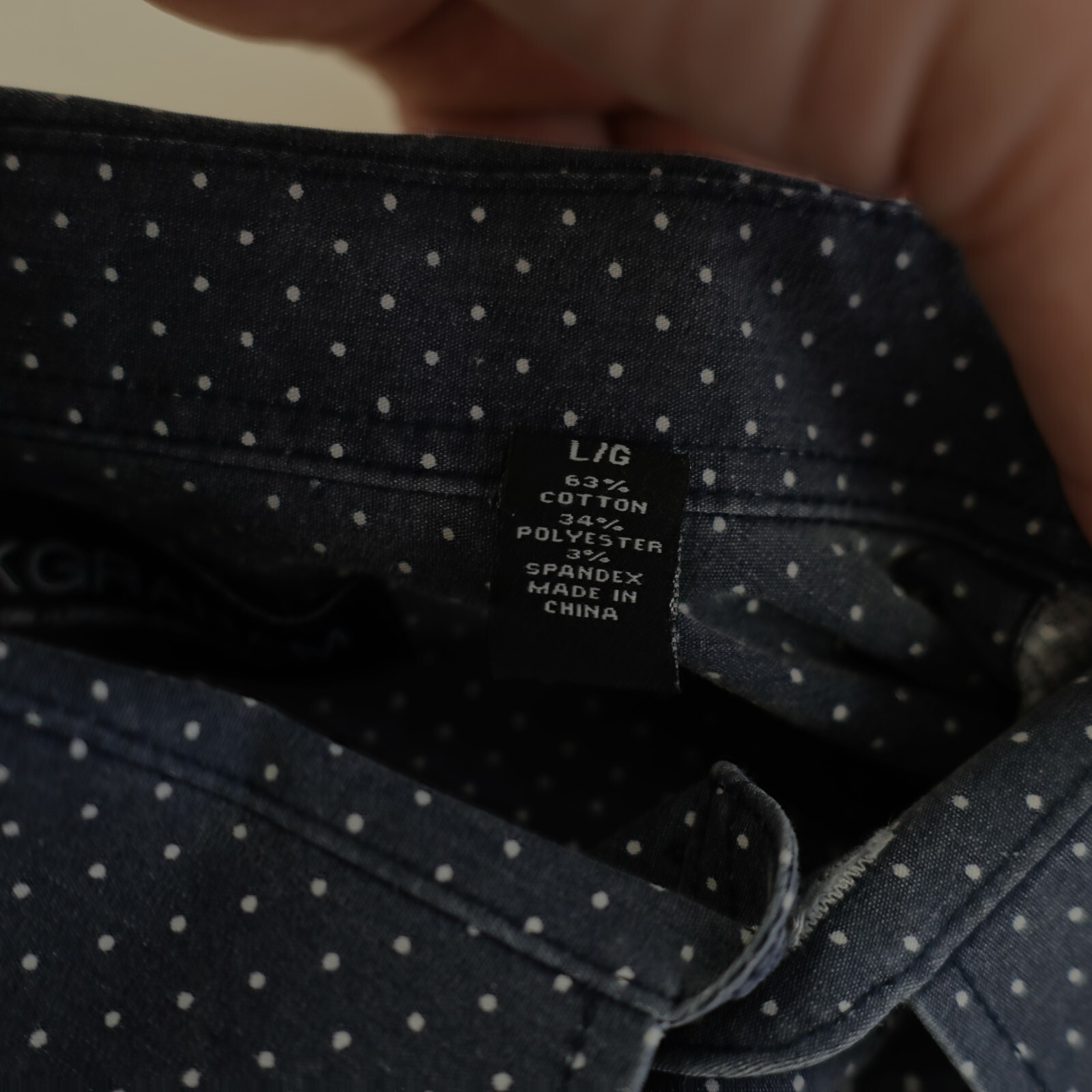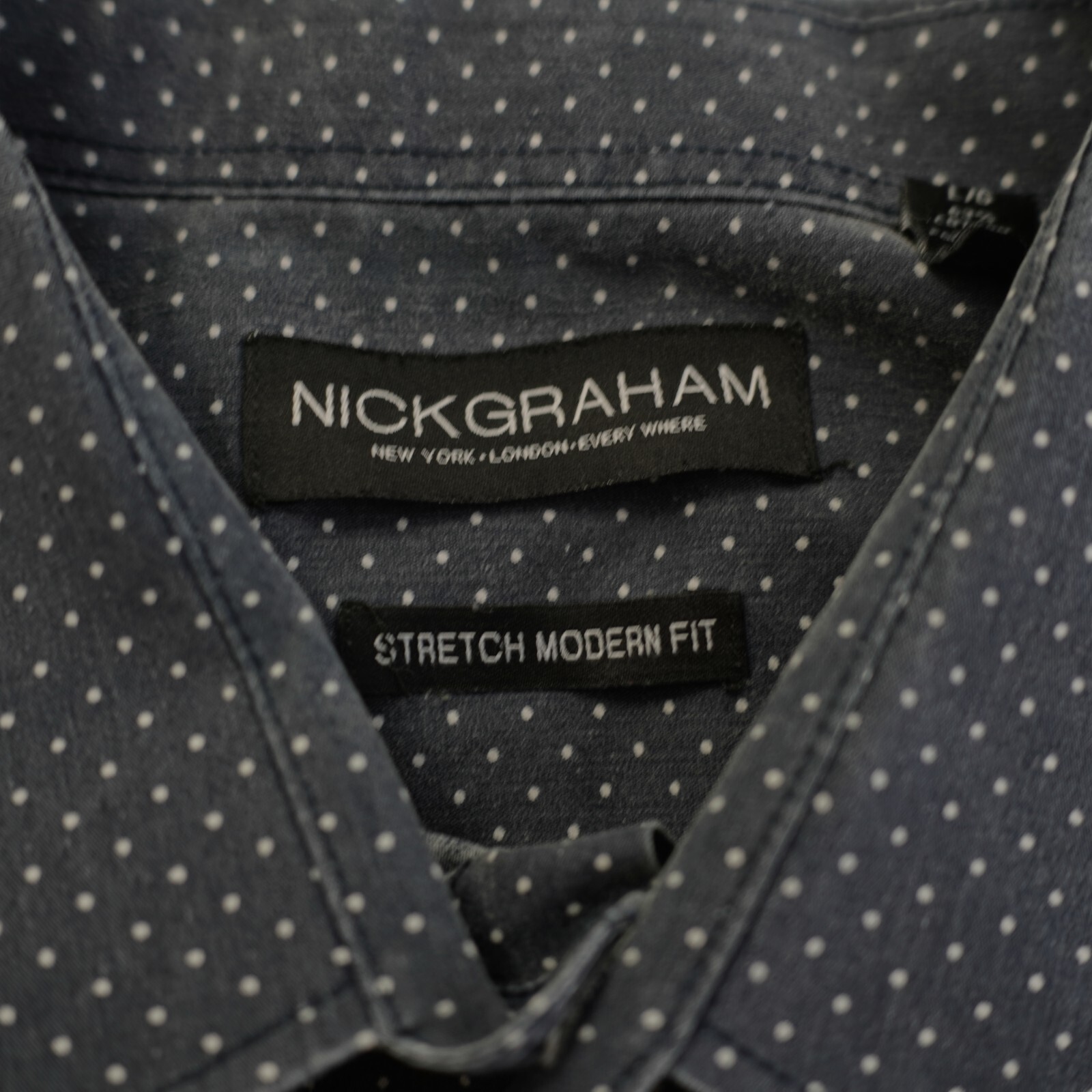 DAMAGED Nick Graham Stretch Modern Fit Blue Polka Dot Large Dress Shirt
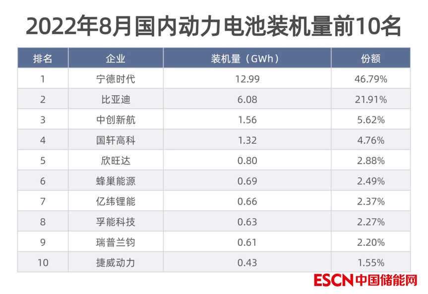 具體到動(dòng)力電池供應(yīng)商來(lái)看,8月,我國(guó)動(dòng)力電池裝車量排名前三的企業(yè)仍然是寧德時(shí)代、比亞迪和中創(chuàng)新航,三者共搶占了近四分之三的市場(chǎng)份額。
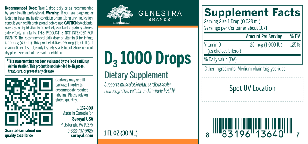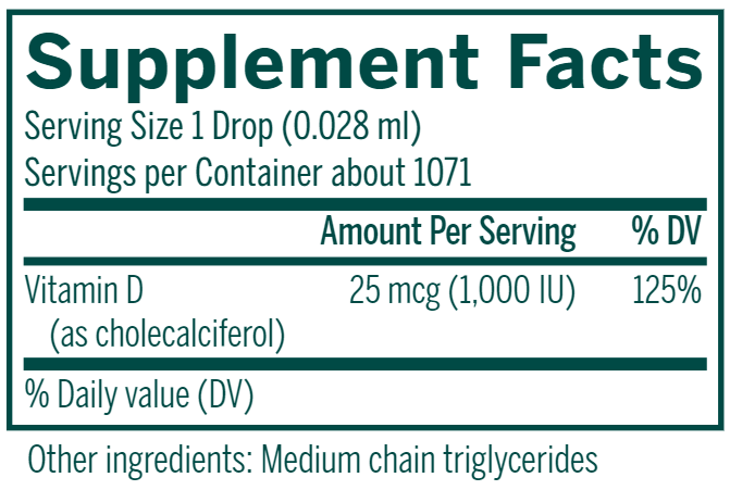 The recommended daily dose of vitamin D for infants is 10 mcg (400 IU). This product delivers 25 mcg (1,000 IU) of vitamin D per dose. Use only if safety seal is intact. Store in a cool, dry place. Keep out of the reach of children.

-----

• _Work instructions_:
This task calls for restating, word for word, each line from the line holding "具體到動(dòng)力電池供" through the end of the material, pictures left out.

• _Your response_:
 具體到動(dòng)力電池供應(yīng)商來(lái)看,8月,我國(guó)動(dòng)力電池裝車量排名前三的企業(yè)仍然是寧德時(shí)代、比亞迪和中創(chuàng)新航,三者共搶占了近四分之三的市場(chǎng)份額。
 The recommended daily dose of vitamin D for infants is 10 mcg (400 IU). This product delivers 25 mcg (1,000 IU) of vitamin D per dose. Use only if safety seal is intact. Store in a cool, dry place. Keep out of the reach of children.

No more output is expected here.